A chatbot is a typical example of an AI system and one of the most elementary and widespread examples of intelligent Human-Computer Interaction (HCI) [1]. It is a computer program, which responds like a smart entity when conversed with through text or voice and understands one or more human languages by Natural Language Processing (NLP) [2]. In the lexicon, a chatbot is defined as “A computer program designed to simulate conversation with human users, especially over the Internet” [3]. Chatbots are also known as smart bots, interactive agents, digital assistants, or artificial conversation entities. The app helps people with addictions by sending daily challenges designed around a particular stage of recovery and teaching them how to get rid of drugs and alcohol.
An Overview of the Use of Chatbots in Medical and Healthcare Education
Using a combination of data-driven natural language processing with knowledge-driven diagnostics, this chatbot interviews the patient, understands their chief complaints, and submits reports to physicians for further analysis [43]. Similarly, Sense.ly (Sense.ly, Inc) acts as a web-based nurse to assist in monitoring appointments, managing patients’ conditions, and suggesting therapies. Another chatbot that reduces the burden on clinicians and decreases wait time is Careskore (CareShore, Inc), which tracks vitals and anticipates the need for hospital admissions [42]. Chatbots have also been proposed to autonomize patient encounters through several advanced eHealth services.
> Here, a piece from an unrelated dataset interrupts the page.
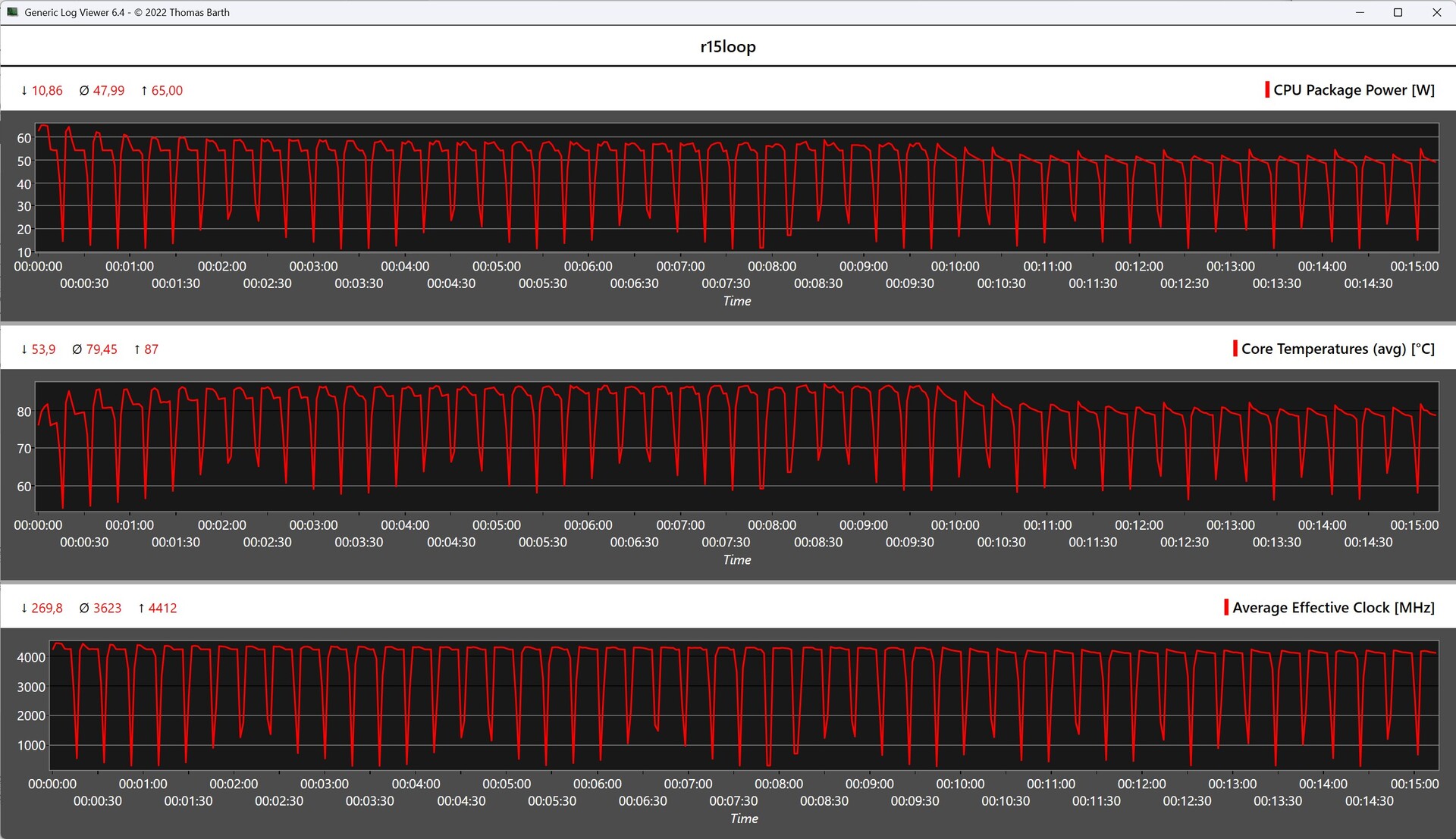 De Geekom A8 Max met AMD Ryzen 7 8845HS (Zen 4, 8 cores) haalt tot 65 watt tijdens korte uitbarstingen, maar hapert bij langdurige belasting. Dit gedrag is vooral merkbaar in multi-core benchmarks zoals de Cinebench R15 duurtest, terwijl de single-core prestaties stabiel blijven. Over het geheel genomen behoort de A8 Max tot de krachtigste 8-core mini PC's die momenteel verkrijgbaar zijn. Een versie met de AMD Ryzen AI 9 HX 370 is nog niet uitgebracht door Geekom.

In addition to collecting data and providing bookings, Health OnLine Medical Suggestions or HOLMES (Wipro, Inc) interacts with patients to support diagnosis, choose the proper treatment pathway, and provide prevention check-ups [44]. Although the use of chatbots in health care and cancer therapy has the potential to enhance clinician efficiency, reimbursement codes for practitioners are still lacking before universal implementation.
- Electronic health records have improved data availability but also increased the complexity of the clinical workflow, contributing to ineffective treatment plans and uninformed management [86].
- Contact to the chatbot is spread through a user’s social graph without leaving the messaging app the chatbot lives in, which provides and guarantees the user’s identity.
- If you want your company to benefit financially from AI solutions, knowing the main chatbot use cases in healthcare is the key.
- Chatbot is a timely topic applied in various fields, including medicine and health care, for human-like knowledge transfer and communication.